Утесов на террасе горячится и тихо матерится: сколько времени идет коту… в смысле быку под хвост. Гримерша Раиса умоляет Леонида Осиповича не волноваться, потому что от этого у него портится прическа. Да что – прическа, стонет Утесов, вся жизнь его портится из-за тупого быка. Но рыжая влюбленная Раиса убежденно заявляет, что быки приходят и уходят, а гений Леонида Осиповича в кино остается. Утесов оторопело смотрит на Раису – даже он не силах ответить на этот бред.

Из-за поворота дороги к площадке приближается машина. Утесов встает:

Наверно, Леночка едет…

Он спрыгивает с террасы и спешит навстречу машине.

Гримерша Раиса горестно смотрит ему вслед.

Но из машины выходит вовсе не Лена, а Бабель. Он подает руку выпархивающей вслед за ним симпатичной молодой женщине.
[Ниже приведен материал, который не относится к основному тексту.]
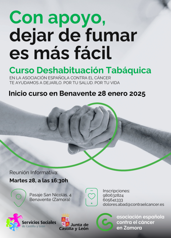 Con apoyo, dejar de fumar es más fácil. Bajo este lema, la Asociación Española Contra el Cáncer (AECC) en Benavente ha organizado un nuevo Curso de Deshabituación Tabáquica para quienes desean dejar de fumar y mejorar su salud.

Утесов и Бабель обнимаются.

– Привет, старик! Знакомься, это – Тоня. По фамилии – Пирожкова.

– Очень, очень приятно! – Утесов целует ручку женщине и снизу одобрительно подмигивает Бабелю.

– А мы тут с Тоней отдыхаем в санатории Дзержинского, ехали мимо – видим, кино…

– Такова жизнь, – печалится Утесов, – кто-то у моря под солнцем отдыхает, а кто-то пашет как проклятый!

– Охота пуще неволи, – смеется Бабель. – А что ты так шустрил к машине? Торопился торжественно нас встретить?

– Размечтался! Нет, я жду Лену.

– С Дитой?

– Дите не до нас – у нее медовый месяц!

– Вышла замуж? Поздравляю!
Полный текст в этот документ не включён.